Chea Sim also blasted those who objected to the celebration of the anniversary.

“Still there are some immoral elements who incessantly continue during the last 25 years to air their views against the 7th of January day,” he said, referring to those who see the occasion as the start of a decade of Vietna­mese occupation following the fall of the Khmer Rouge.

During the two-hour ceremony, attendance at which fell short of the 10,000 supporters that government officials had earlier estimated, officials released pigeons and colorful balloons, and bouquets of flowers were offered to Hun Sen, Chea Sim and Heng Samrin.

Despite more than five months of political dispute, Funcinpec sent a delegation to the CPP-hosted ceremony.
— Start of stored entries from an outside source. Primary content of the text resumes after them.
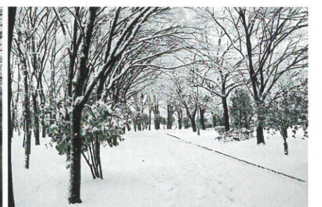
銅賞 (季節) 大野和男 (125-2) ※3枚組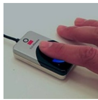
Control de asistencia de personal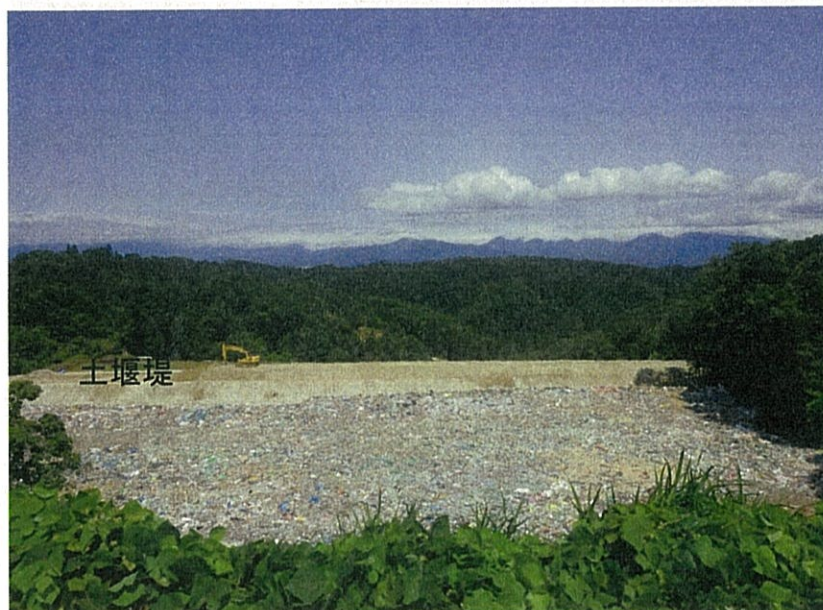
② 既設の埋立処分場 上流側から下流側を望む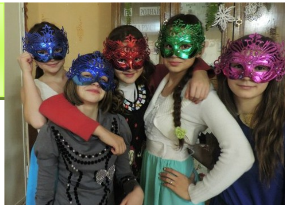
Учащиеся 8 «Б» класса перед балом

На новогоднем представлении ребята встретились с Дедом Морозом и его внучкой Снегурочкой. Дети порадовали их своими стишками и песнями, они водили хоромы вокруг ёлки, танцевали, играли вместе со сказочными героями. С удовольствием помогли в про-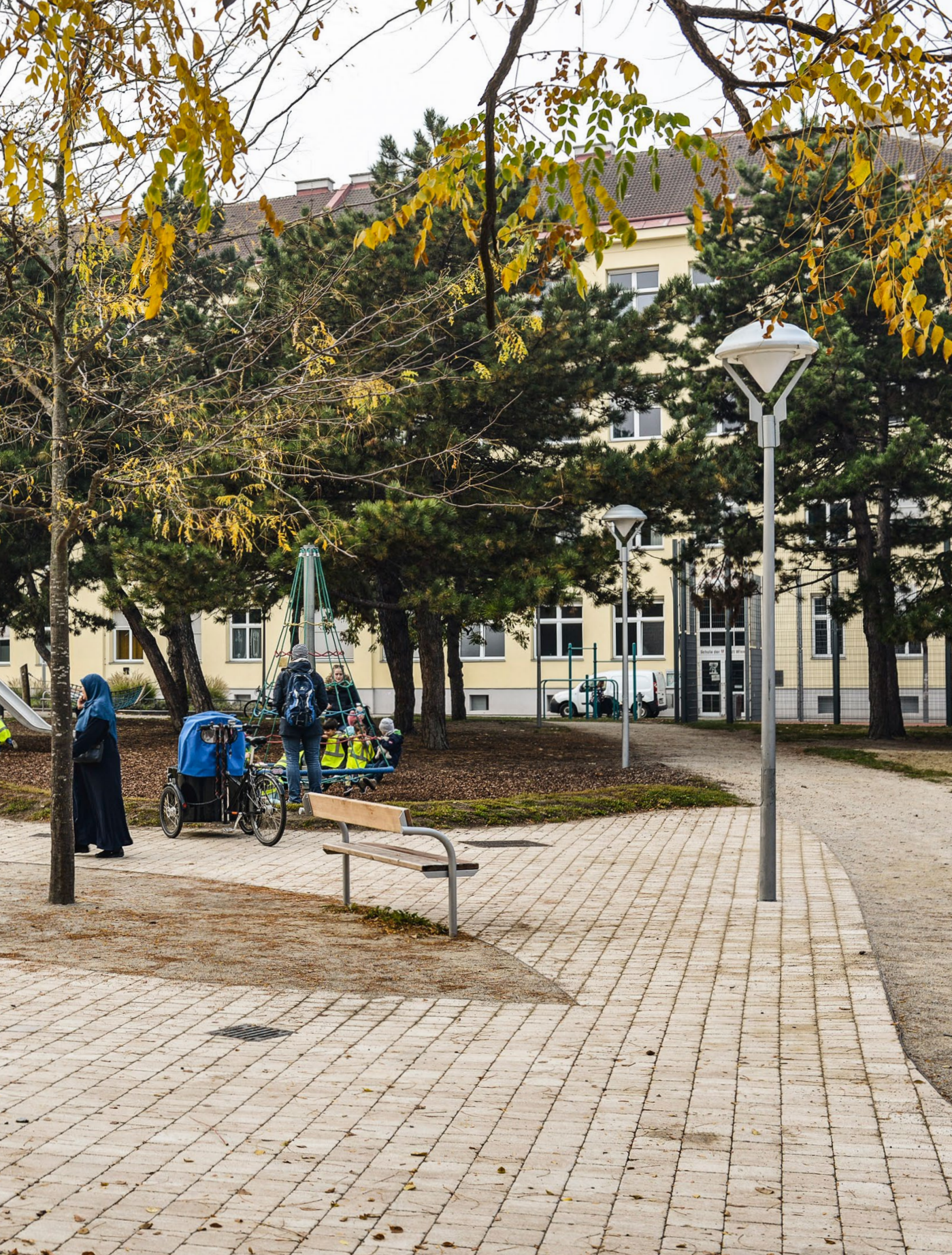
Przykład podwórka w Wiedniu na osiedlu Stuwenviertel, z urządzonej strefą zabaw dla dzieci i miejscami spotkań dla mieszkańców.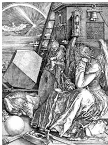
Figura 1. Albrecht Dürer, 1514

proeminência na idade moderna, era atribuída à produção da bile e acompanhava-a a tristeza, o entusiasmo e a falta de envolvimento. Foi sucedânea da acedia dos tempos medievais, vista como um poder demoníaco que poderia vir a cada momento e tomar conta da pessoa, infligindo tédio e falta de vontade. Especialmente entre os monges, esse era um pecado grave porque lhes tirava o ânimo de ler e de rezar. Hoje não se fala mais nem de acedia como pecado, nem de melancolia como problema fisiológico, mas de depressão como estado psíquico a ser tratado com medicamentos ou psicoterapia. Ou seja, este é o argumento da autora, as maneiras de “sentir” são ressignificadas na história, podem receber outros nomes e ser atribuídas a outras causas.

Co-Minister of Interior You Hockry, Health Minister Hong Sun Huot, parliamentarian Ky Lum Ang and May Sam-Oeun, secretary of state for the Ministry of Agriculture, attended on behalf of the royalist party.

May Sam-Oeun said he was asked to attend by Funcinpec President Prince Norodom Rana­riddh, who is currently in France.
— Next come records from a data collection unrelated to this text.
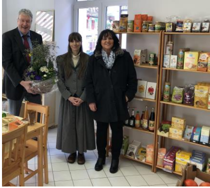
15.02.20: Bio-Laden wird eröffnet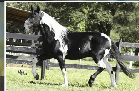
SEU PAI DESAFIO DE NANUQUE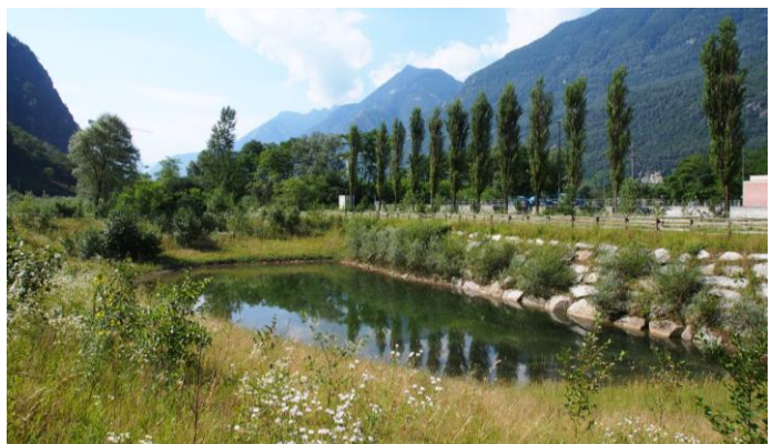
Nuovo stagno IDA - Biasca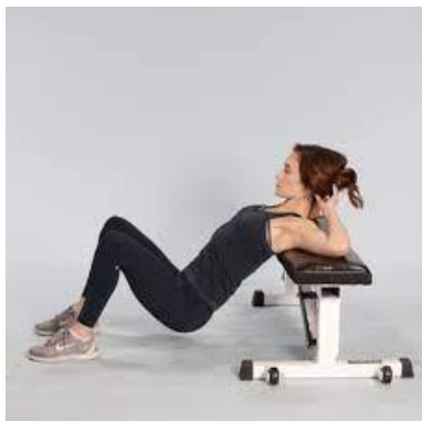
Рисунок 2.27. Тяга стегнами (без обтяження)

Тримайте коліна зігнутими, а стопи рівно на підлозі, на ширині стегон. Ви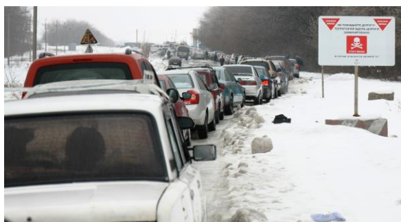
Предупредительный знак о минной опасности возле неподконтрольного правительству блокпоста «Кременец», январь 2019 г.

Несмотря на обязательства извлечь все ранее установленные мины согласно пункту 6 Меморандума от 19 сентября 2014 года и Решению Трехсторонней контактной группы относительно противоминной деятельности от 3 марта 2016 года, которые четко предусматривают обозначение, ограждение и составление карт местности возле КПВВ и вдоль подъездных дорог, СММ продолжает фиксировать наличие мин и неразорвавшихся боеприпасов в этих районах. Миссия фиксировала знаки, которыми были обозначены минные поля или участки, загрязненные минами и неразорвавшимися боеприпасами, вблизи КПВВ и соответствующих блокпостов, однако необходимо принять больше мер, направленных на надлежащее обозначение загрязненных районов, в частности между передовыми позициями Вооруженных сил Украины и вооруженных формирований.

“Every Jan 7 celebration, as coalition partner, we send our representatives to the event because before, we cooperated with the CPP,” said Funcinpec Deputy Secretary-General Nhiek Bun Chhay.
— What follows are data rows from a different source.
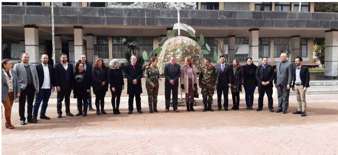
Conmemoran en Siria dos fechas nacionales de Cuba

Damasco, 31 ene (RHC) Sirios y cubanos celebraron este lunes en Damasco los aniversarios 63 del triunfo de la Revolución Cubana y el 169 del natalicio del Héroe Nacional José Martí.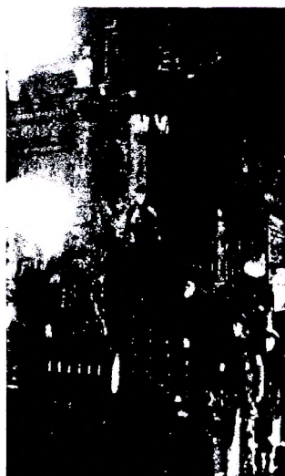
Рисунок 2 – Интерьер главной синагоги

По законам Российской империи синагоги, по существовавшему тогда строительному кодексу, разрешали строить на каждые 80 домов. В Польском Бресте-над-Бугом насчитывалось около 40 синагог и молитвенных домов. Бывшие синагоги в Бресте размещались на улицах: Дзержинского, 25 (в здании спортивной школы), Советских Пограничников, 52 (здание клуба «Прогресс»), а также на улицах Ленина, Пушкинской. Кирова и Горького.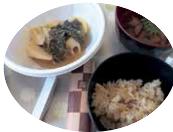
竹筍飯和味噌煮竹筍。

But, he said: “I understand the CPP considers the day of ousting the Khmer Rouge from power, but for myself, I think Jan 7 is the day the Vietnamese invaded the country.”

The relationship between both parties has been acrimonious since Funcinpec joined the opposition Sam Rainsy Party in an Alliance of Democrats and has opposed the CPP’s victory in the July 27 general election. The dispute between the three parties has delayed the formation of the new government and Assembly.

Near Wat Phnom and the National Assembly, hundreds of police gathered in anticipation of a demonstration by the Khmer Front Party to oppose the Jan 7 celebrations.

Though expecting about 300 people to demonstrate, only four supporters turned out to protest at the Assembly. Police quickly bundled the four onto a police truck and briefly detained them.

Throughout the day, television stations broadcast films and songs about the Khmer Rouge.

“A lot of younger generations were born after the event so we want them to know,” said Sok Ey San, director of Apsara Television Station and deputy director of the Television Association.

The station also scheduled two evening music concerts to mark the anniversary, one near Phsar Chas and another near Hun Sen Park.

More than 8,000 people also gathered at a Jan 7 ceremony in Banteay Meanchey province’s Serei Saophoan district, including former-Khmer Rouge leader Tep Khunnal, said provincial deputy police chief Chhoeung Sokhom.

Provincial officials were also scheduled to host an evening concert and Khmer Rouge movie screening.

In Pailin, however, a former Khmer Rouge stronghold, municipal cabinet chief Mei Makk said officials had no plans to celebrate the anniversary this year.

He said in the past, Pailin officials marked the occasion, but this year, the governor of Pailin was not in the municipality.

“We feel guilty because of our leaders’ misconduct so we [usually] hold the Jan 7 [celebrations] in order to share anxiety with the families who were killed,” Mei Makk said.

Mei Makk said those former Khmer Rouge members who defected to join the government after the fall of the regime were now loyal to the government. The government should only try former top level Khmer Rouge leaders at an anticipated UN-supported tribunal, and not bring former lower level members to court, he added.

“It is very confusing whether the former Khmer Rouge celebrate Jan 7,” said Youk Chhang, the executive director of Documentation Center of Cambodia.

“Different people will have different memories so they have to define their understanding and meaning,” he said.